┌──

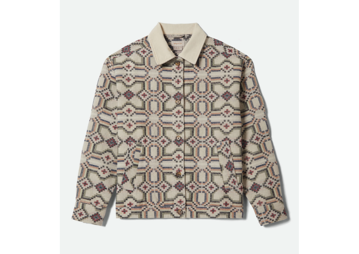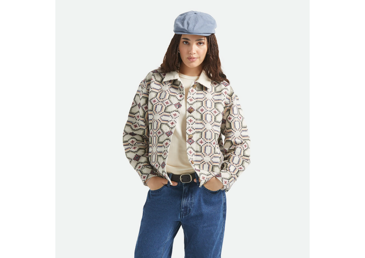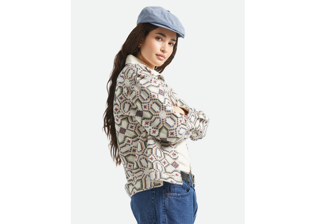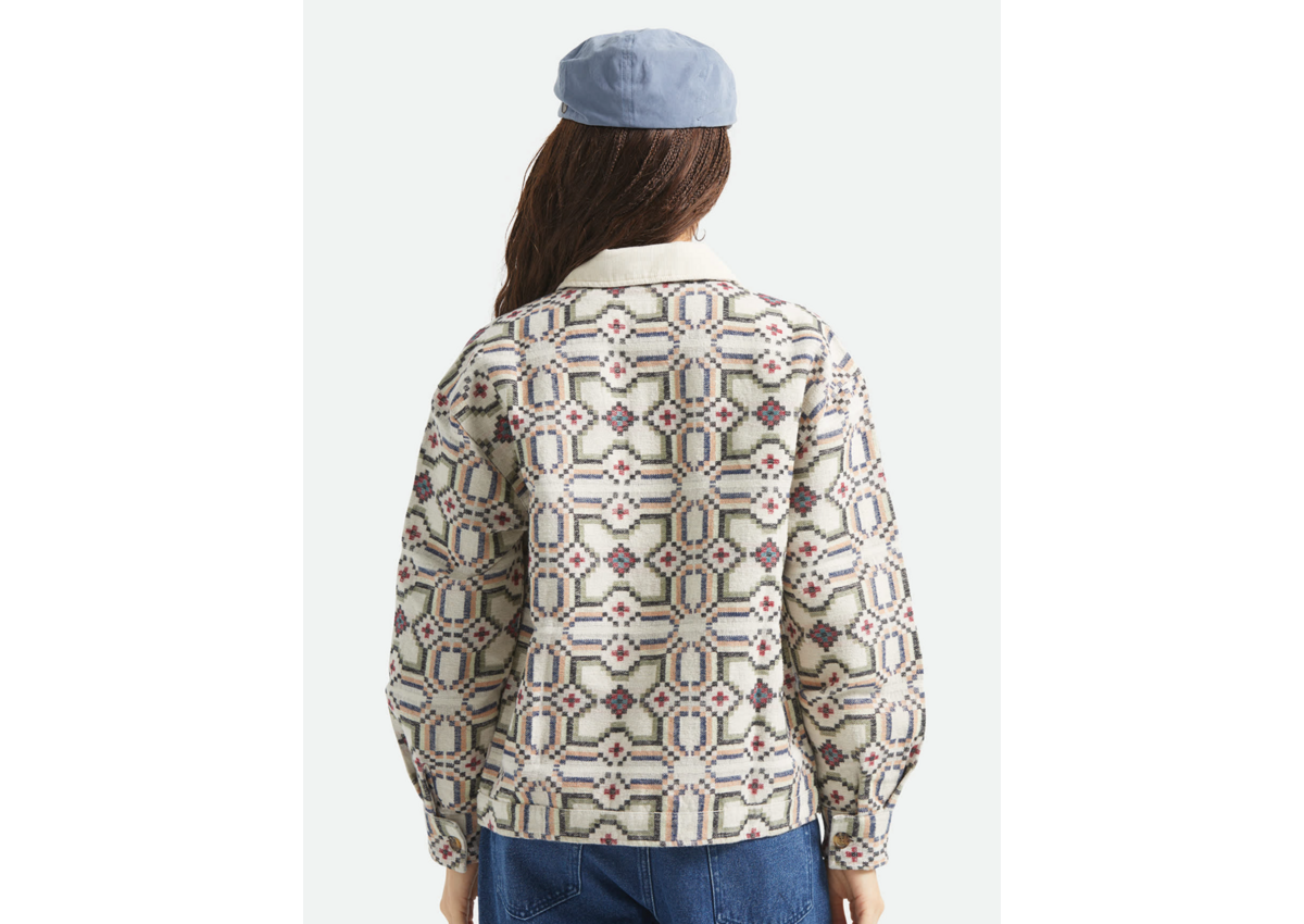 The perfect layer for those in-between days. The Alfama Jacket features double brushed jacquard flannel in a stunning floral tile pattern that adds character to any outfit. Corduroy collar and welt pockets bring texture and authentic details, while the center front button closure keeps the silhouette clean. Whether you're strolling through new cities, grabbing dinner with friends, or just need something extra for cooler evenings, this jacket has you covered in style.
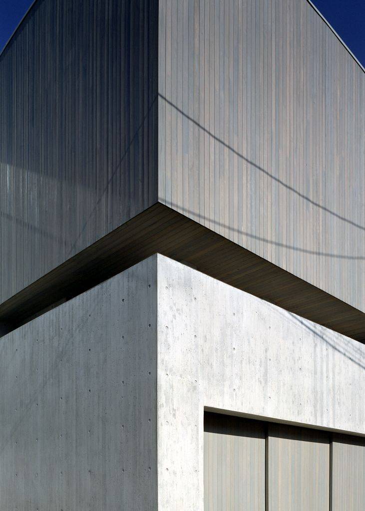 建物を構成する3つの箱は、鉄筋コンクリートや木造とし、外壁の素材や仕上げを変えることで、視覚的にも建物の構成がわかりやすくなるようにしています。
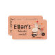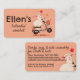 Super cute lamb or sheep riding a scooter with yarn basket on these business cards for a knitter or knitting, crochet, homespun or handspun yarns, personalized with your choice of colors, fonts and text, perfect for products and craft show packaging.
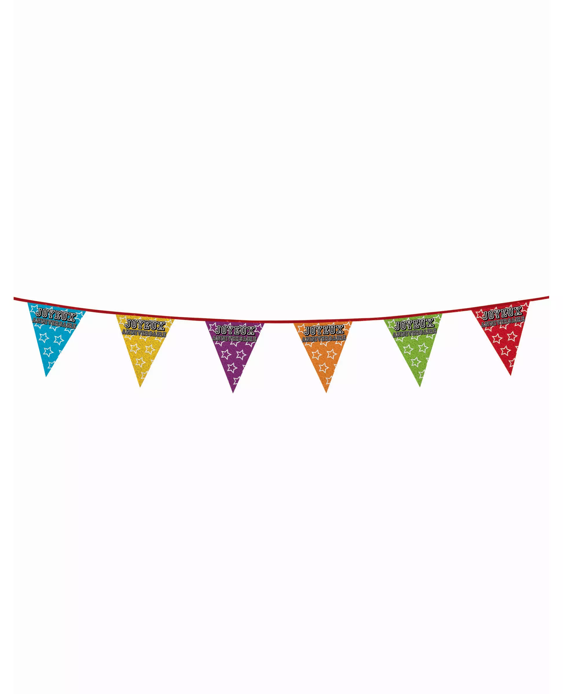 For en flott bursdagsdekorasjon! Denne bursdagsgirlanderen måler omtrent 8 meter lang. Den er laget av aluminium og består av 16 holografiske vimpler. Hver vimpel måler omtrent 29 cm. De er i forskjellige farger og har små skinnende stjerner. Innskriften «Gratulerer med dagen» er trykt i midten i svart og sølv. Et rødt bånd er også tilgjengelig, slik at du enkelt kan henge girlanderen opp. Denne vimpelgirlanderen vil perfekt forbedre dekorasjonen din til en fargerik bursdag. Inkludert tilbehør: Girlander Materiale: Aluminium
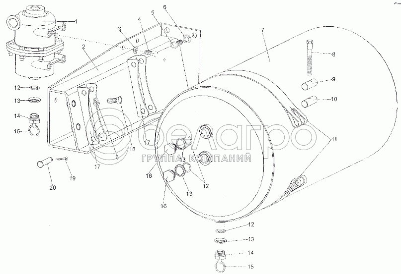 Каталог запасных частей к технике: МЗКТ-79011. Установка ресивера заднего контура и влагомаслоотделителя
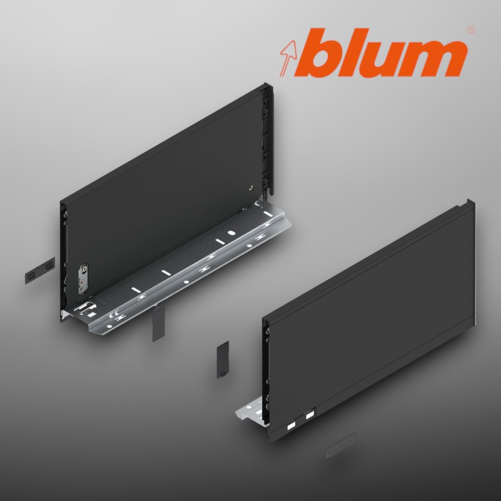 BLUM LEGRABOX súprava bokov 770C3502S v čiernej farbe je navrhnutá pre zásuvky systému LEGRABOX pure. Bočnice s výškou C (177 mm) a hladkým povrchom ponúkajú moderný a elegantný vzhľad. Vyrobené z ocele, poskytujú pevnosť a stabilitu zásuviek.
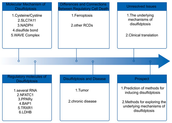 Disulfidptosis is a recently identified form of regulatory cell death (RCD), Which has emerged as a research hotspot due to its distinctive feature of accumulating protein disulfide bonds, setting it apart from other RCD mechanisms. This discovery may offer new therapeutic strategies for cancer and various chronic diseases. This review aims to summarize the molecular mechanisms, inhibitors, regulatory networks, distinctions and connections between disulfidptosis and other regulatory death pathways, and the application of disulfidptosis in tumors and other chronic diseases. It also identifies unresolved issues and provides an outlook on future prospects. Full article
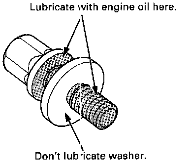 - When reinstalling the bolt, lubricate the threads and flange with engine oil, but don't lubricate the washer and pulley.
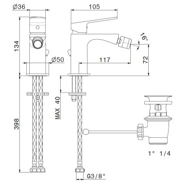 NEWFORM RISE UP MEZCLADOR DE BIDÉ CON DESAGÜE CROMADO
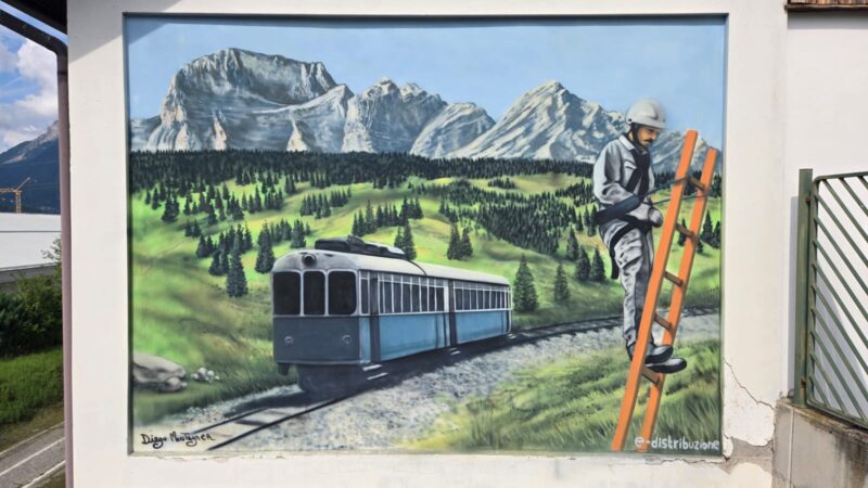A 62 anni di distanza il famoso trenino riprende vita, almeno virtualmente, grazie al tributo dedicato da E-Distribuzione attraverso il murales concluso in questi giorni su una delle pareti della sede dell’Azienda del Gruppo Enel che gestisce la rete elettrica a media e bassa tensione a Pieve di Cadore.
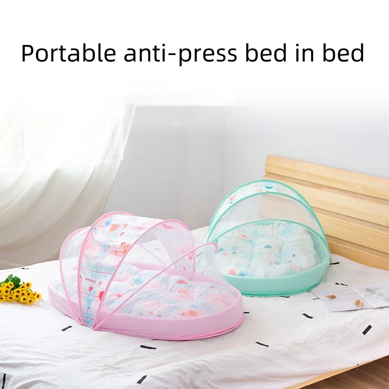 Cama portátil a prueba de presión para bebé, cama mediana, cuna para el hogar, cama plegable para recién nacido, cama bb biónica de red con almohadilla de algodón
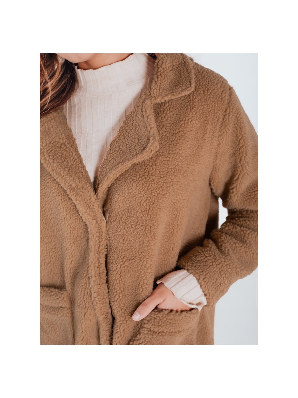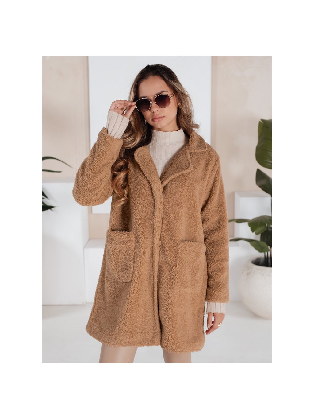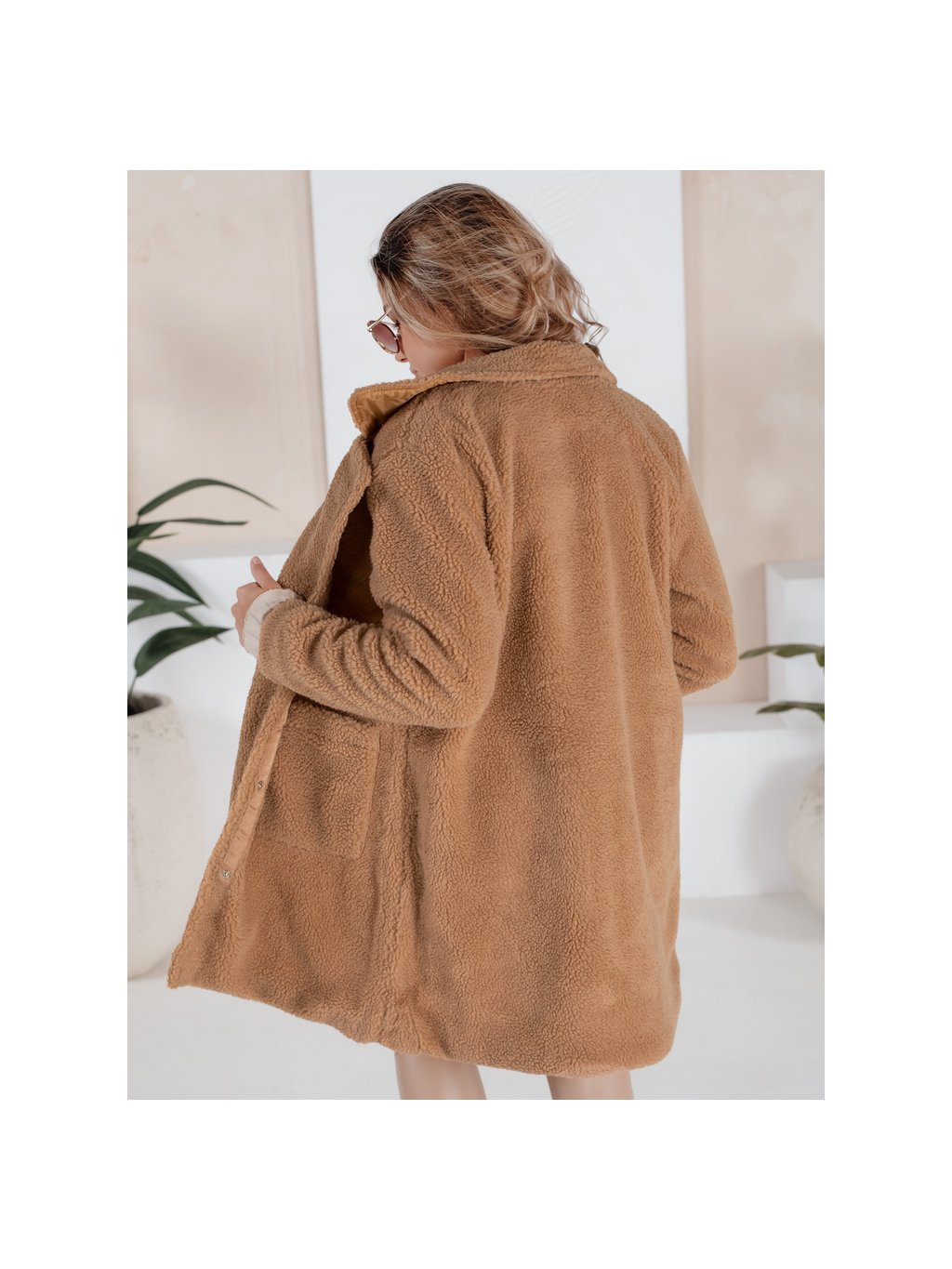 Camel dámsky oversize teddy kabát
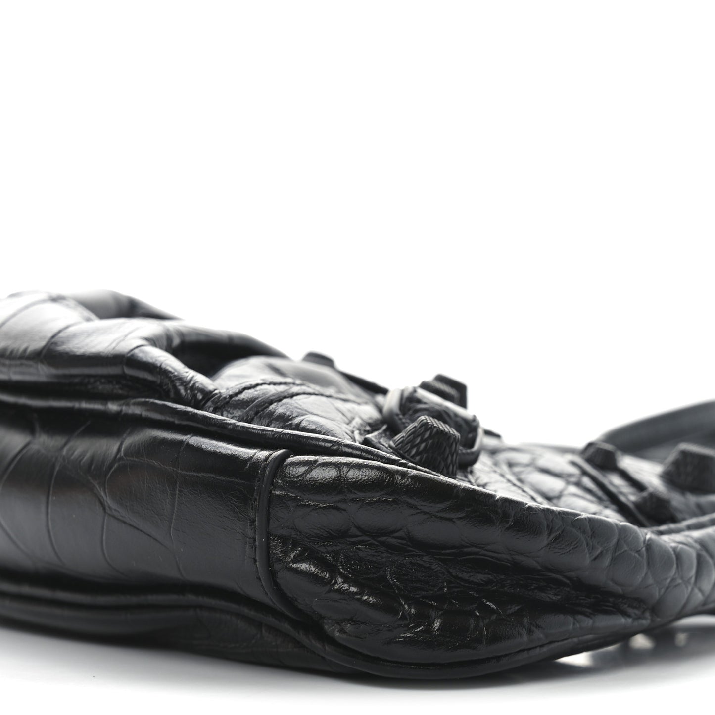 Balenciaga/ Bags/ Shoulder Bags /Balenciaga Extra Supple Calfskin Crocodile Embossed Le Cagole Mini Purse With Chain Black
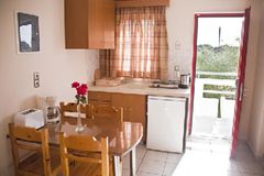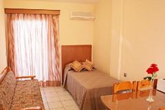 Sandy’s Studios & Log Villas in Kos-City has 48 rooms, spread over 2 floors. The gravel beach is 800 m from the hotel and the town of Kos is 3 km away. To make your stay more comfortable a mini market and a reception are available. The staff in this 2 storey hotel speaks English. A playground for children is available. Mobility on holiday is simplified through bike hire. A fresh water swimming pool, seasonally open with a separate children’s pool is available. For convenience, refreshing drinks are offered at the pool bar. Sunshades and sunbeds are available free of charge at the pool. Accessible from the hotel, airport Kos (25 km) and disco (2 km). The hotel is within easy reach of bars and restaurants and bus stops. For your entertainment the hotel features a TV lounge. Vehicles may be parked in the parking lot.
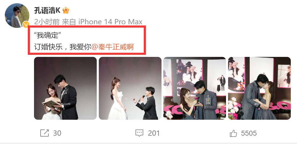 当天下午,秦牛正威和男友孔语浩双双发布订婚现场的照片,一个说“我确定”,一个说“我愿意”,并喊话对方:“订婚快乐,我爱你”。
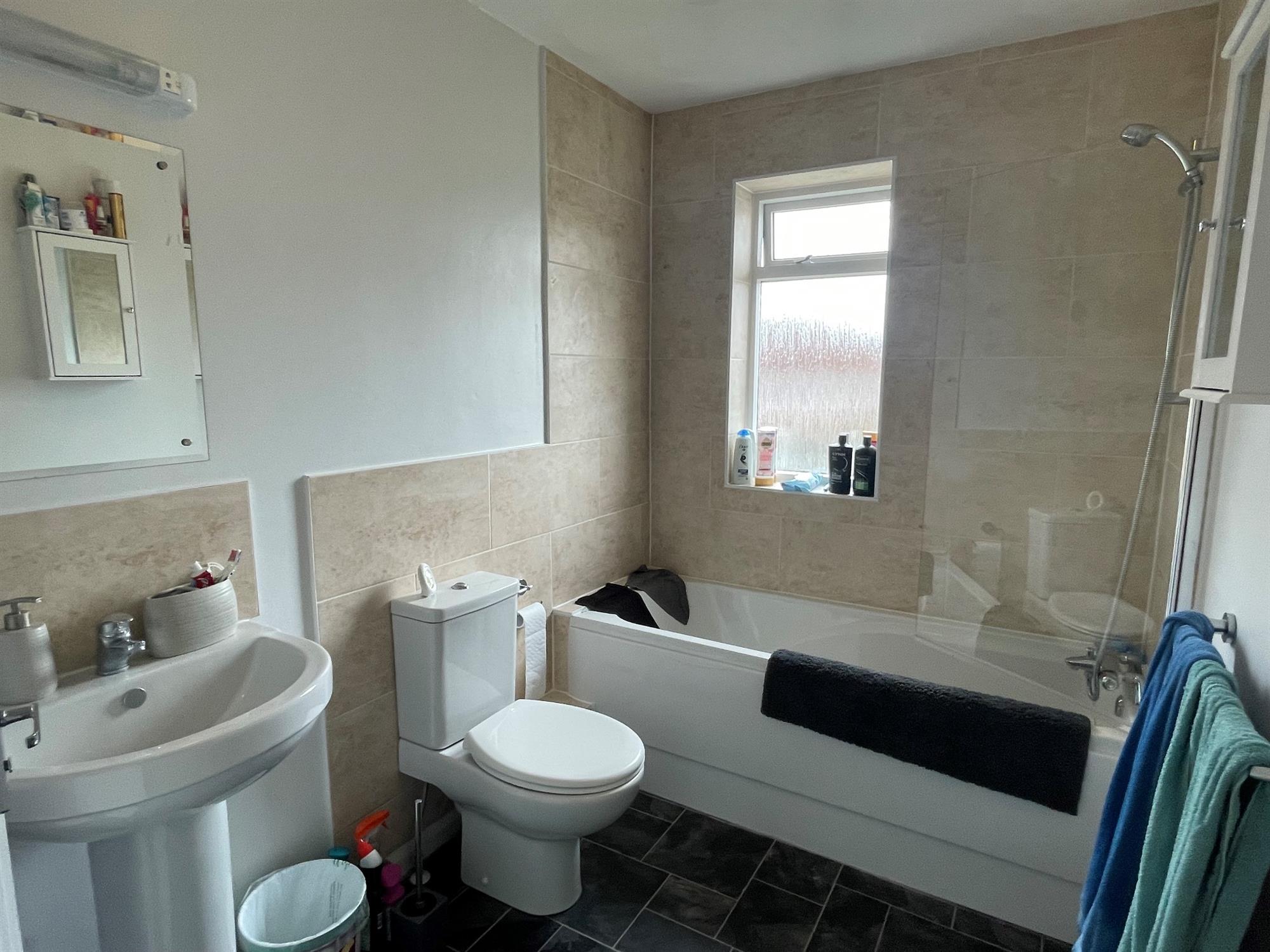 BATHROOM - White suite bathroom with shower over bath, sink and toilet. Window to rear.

└──

[Activity] All pictures are to be skipped. Output, word for word, the lines in the data above starting at the line containing "BLUM LEGRABOX súprava" and ending at the line containing "A 62 anni di".

[The answer]
 BLUM LEGRABOX súprava bokov 770C3502S v čiernej farbe je navrhnutá pre zásuvky systému LEGRABOX pure. Bočnice s výškou C (177 mm) a hladkým povrchom ponúkajú moderný a elegantný vzhľad. Vyrobené z ocele, poskytujú pevnosť a stabilitu zásuviek.
 Disulfidptosis is a recently identified form of regulatory cell death (RCD), Which has emerged as a research hotspot due to its distinctive feature of accumulating protein disulfide bonds, setting it apart from other RCD mechanisms. This discovery may offer new therapeutic strategies for cancer and various chronic diseases. This review aims to summarize the molecular mechanisms, inhibitors, regulatory networks, distinctions and connections between disulfidptosis and other regulatory death pathways, and the application of disulfidptosis in tumors and other chronic diseases. It also identifies unresolved issues and provides an outlook on future prospects. Full article
 - When reinstalling the bolt, lubricate the threads and flange with engine oil, but don't lubricate the washer and pulley.
 NEWFORM RISE UP MEZCLADOR DE BIDÉ CON DESAGÜE CROMADO
A 62 anni di distanza il famoso trenino riprende vita, almeno virtualmente, grazie al tributo dedicato da E-Distribuzione attraverso il murales concluso in questi giorni su una delle pareti della sede dell’Azienda del Gruppo Enel che gestisce la rete elettrica a media e bassa tensione a Pieve di Cadore.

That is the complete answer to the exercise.